Description of the task: An exact transcription of all the data is required; the pictures are to be left out.

Data items:
________
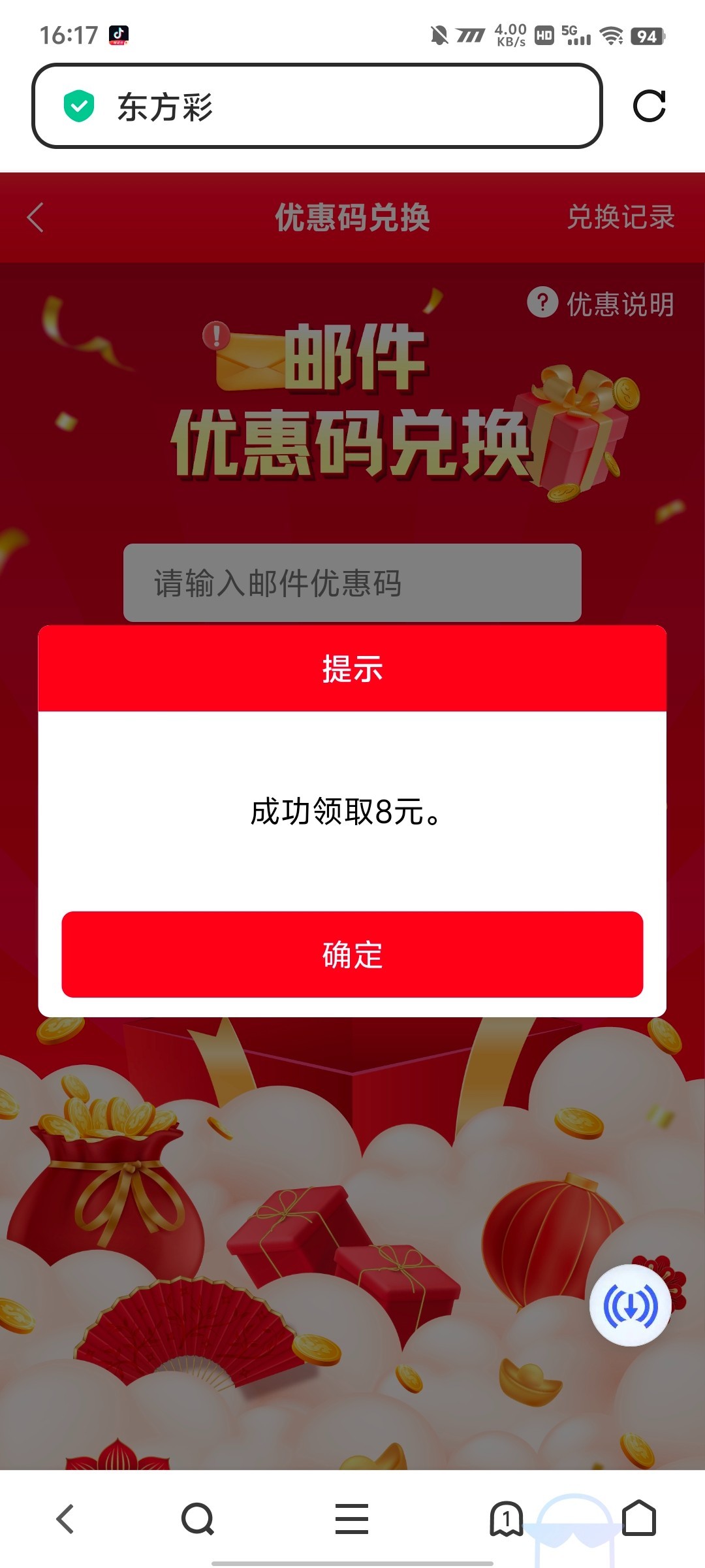 老哥们去邮箱看看有没有我刚领到就发出来了 567998.com
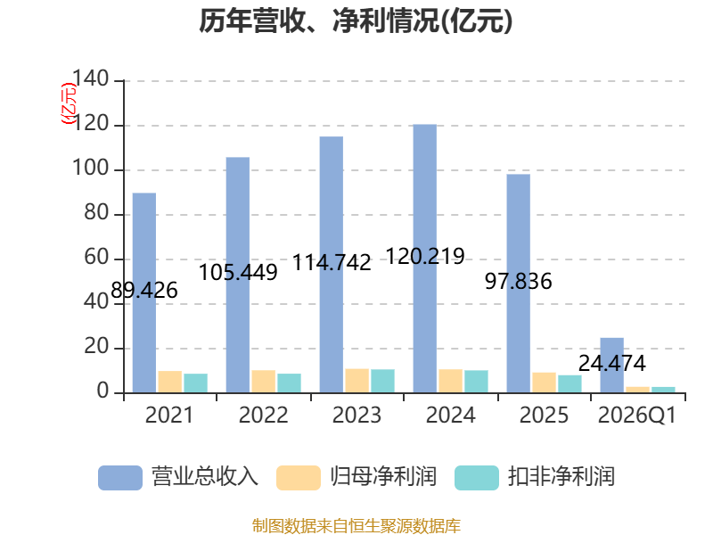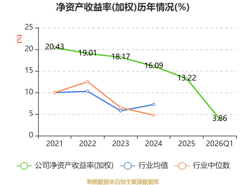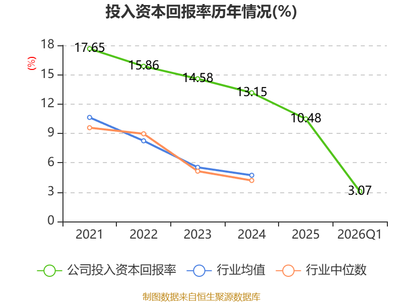 盈利能力方面, 2026年一季度公司加权平均净资产收益率为3.86%,同比下降0.14个百分点。公司2026年第一季度投入资本回报率为3.07%,较上年同期下降0.05个百分点。
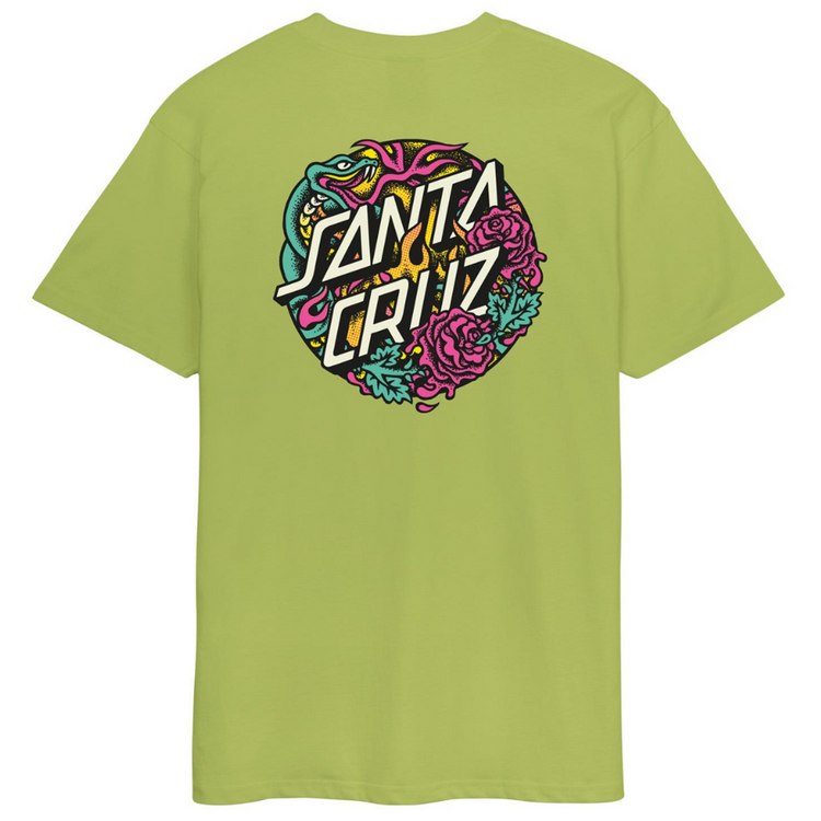 Tricoul are o versiune serpentină a logo-ului clasic Santa Cruz Dot imprimat pe pieptul din stânga și mai proeminent pe spate.
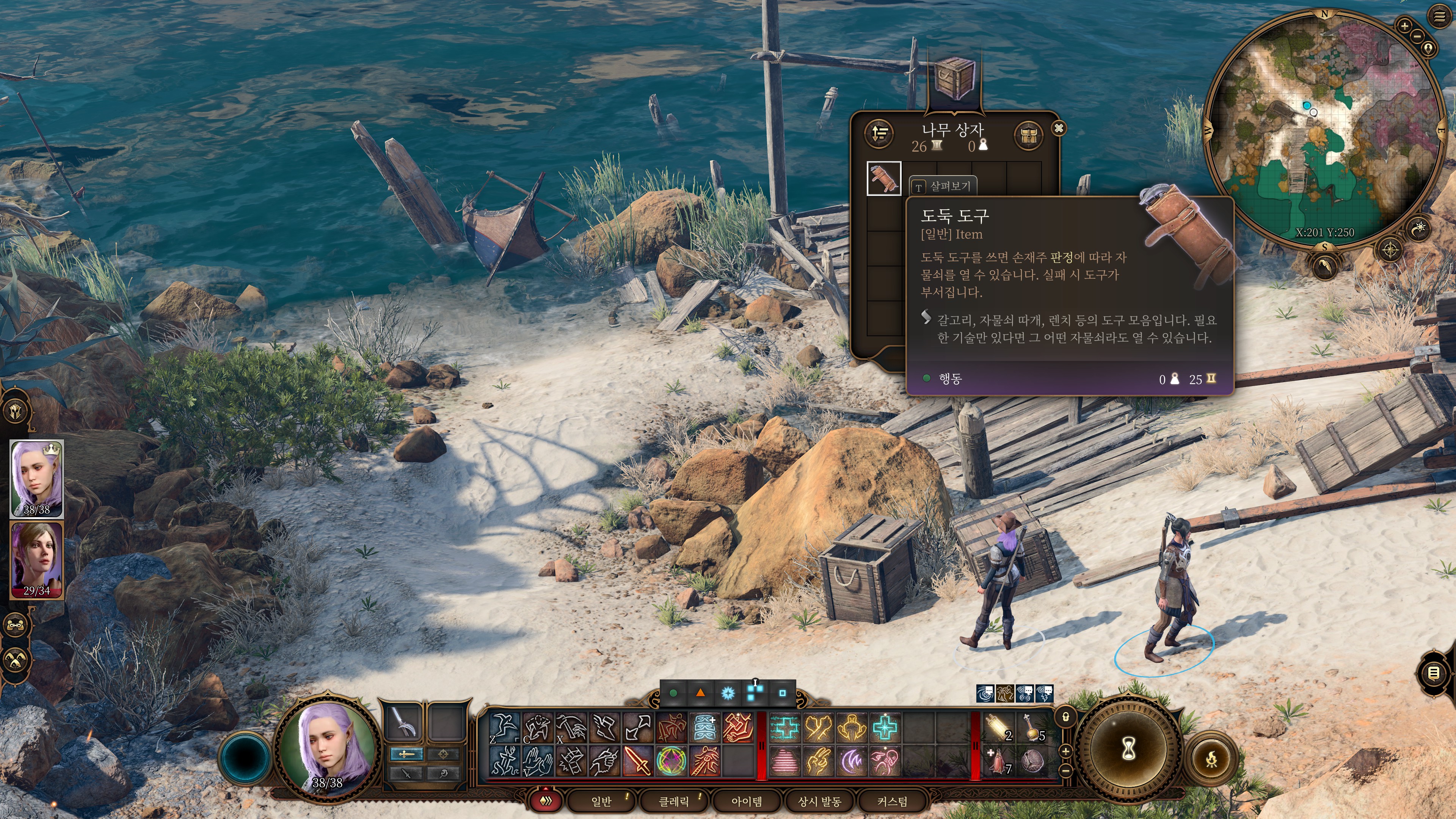 상자나 문이 잠겨있으면 도둑 도구를 활용해서 열 수도 있다.
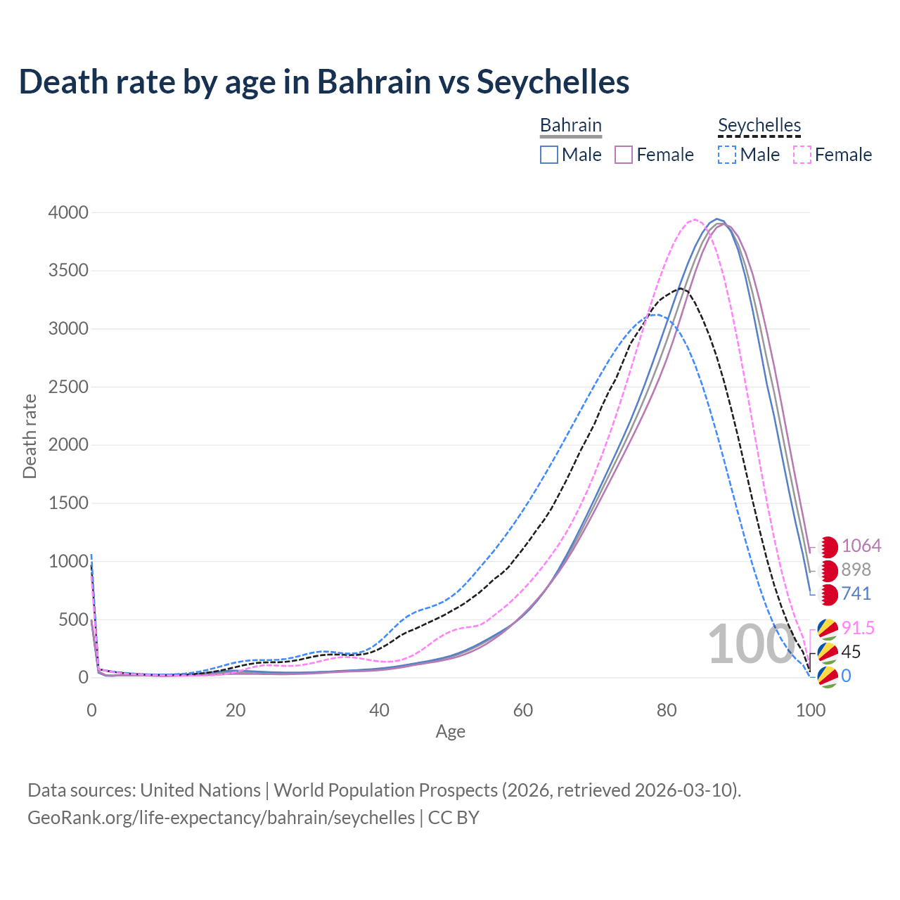 This life expectancy calculator shows the odds of living to 100, 95, 90, and below based on current age for both males and females in Bahrain and the Seychelles, along with mean and median age of death. The calculations are based on the 2026 life tables (actuarial tables) from the UN World Population Prospects.
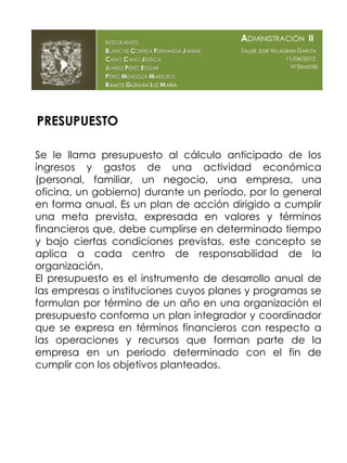 El documento presenta información sobre el presupuesto, incluyendo su definición como el cálculo anticipado de los ingresos y gastos de una actividad económica durante un período determinado, generalmente anual. Explica que el presupuesto es un plan financiero que expresa los objetivos de una organización y coordina las diferentes áreas. Además, clasifica los presupuestos según su flexibilidad, el período que cubren y el campo de aplicación dentro de una empresa.
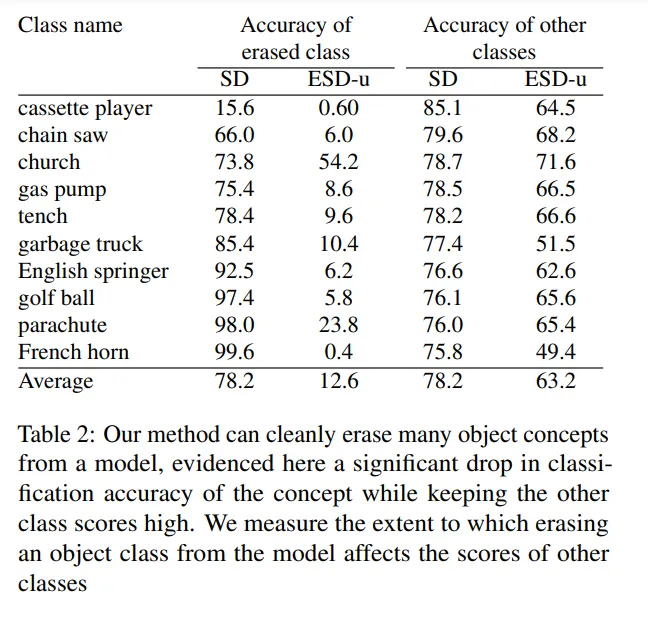 表 2 中展示了原始 Stable Diffusion 模型和 ESD-u 模型在训练过程中擦除目标类时分类准确性的对比结果,同时展示了在生成剩余的九个类时的分类准确性。结果表明,ESD 能够在大多数情况下有效地去除目标类,尽管有一些类别(比如教堂)比较难去除。但未被去除的类别的分类准确性仍然很高,即使某些情况下会有一些干扰,例如,去除「法国圆号」会对其他类别造成明显的失真。作者在补充材料中提供了物体去除后的视觉效果图像。
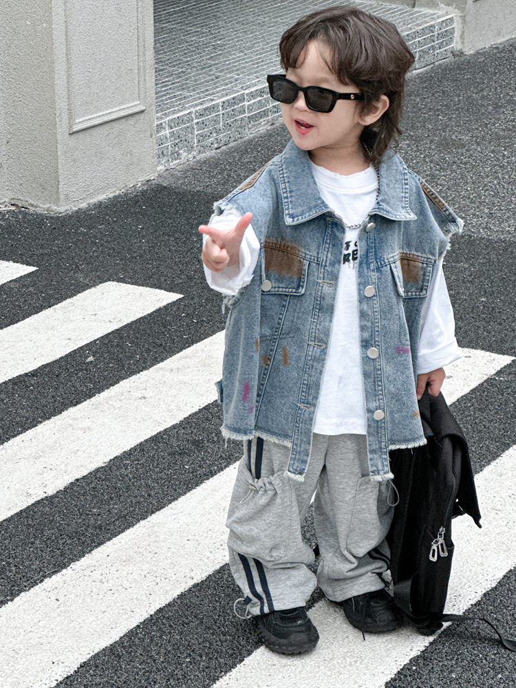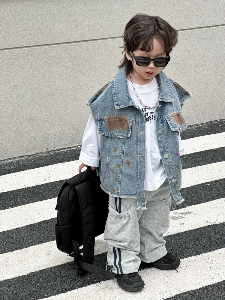 아동 조끼 2025년 신상 남아 가을옷 아기 한국 스타일 데님 아동복 중소형 아동용 컬러 페인트 조끼 트렌디
________
Reply:
 老哥们去邮箱看看有没有我刚领到就发出来了 567998.com
 盈利能力方面, 2026年一季度公司加权平均净资产收益率为3.86%,同比下降0.14个百分点。公司2026年第一季度投入资本回报率为3.07%,较上年同期下降0.05个百分点。
 Tricoul are o versiune serpentină a logo-ului clasic Santa Cruz Dot imprimat pe pieptul din stânga și mai proeminent pe spate.
 상자나 문이 잠겨있으면 도둑 도구를 활용해서 열 수도 있다.
 This life expectancy calculator shows the odds of living to 100, 95, 90, and below based on current age for both males and females in Bahrain and the Seychelles, along with mean and median age of death. The calculations are based on the 2026 life tables (actuarial tables) from the UN World Population Prospects.
 El documento presenta información sobre el presupuesto, incluyendo su definición como el cálculo anticipado de los ingresos y gastos de una actividad económica durante un período determinado, generalmente anual. Explica que el presupuesto es un plan financiero que expresa los objetivos de una organización y coordina las diferentes áreas. Además, clasifica los presupuestos según su flexibilidad, el período que cubren y el campo de aplicación dentro de una empresa.
 表 2 中展示了原始 Stable Diffusion 模型和 ESD-u 模型在训练过程中擦除目标类时分类准确性的对比结果,同时展示了在生成剩余的九个类时的分类准确性。结果表明,ESD 能够在大多数情况下有效地去除目标类,尽管有一些类别(比如教堂)比较难去除。但未被去除的类别的分类准确性仍然很高,即使某些情况下会有一些干扰,例如,去除「法国圆号」会对其他类别造成明显的失真。作者在补充材料中提供了物体去除后的视觉效果图像。
 아동 조끼 2025년 신상 남아 가을옷 아기 한국 스타일 데님 아동복 중소형 아동용 컬러 페인트 조끼 트렌디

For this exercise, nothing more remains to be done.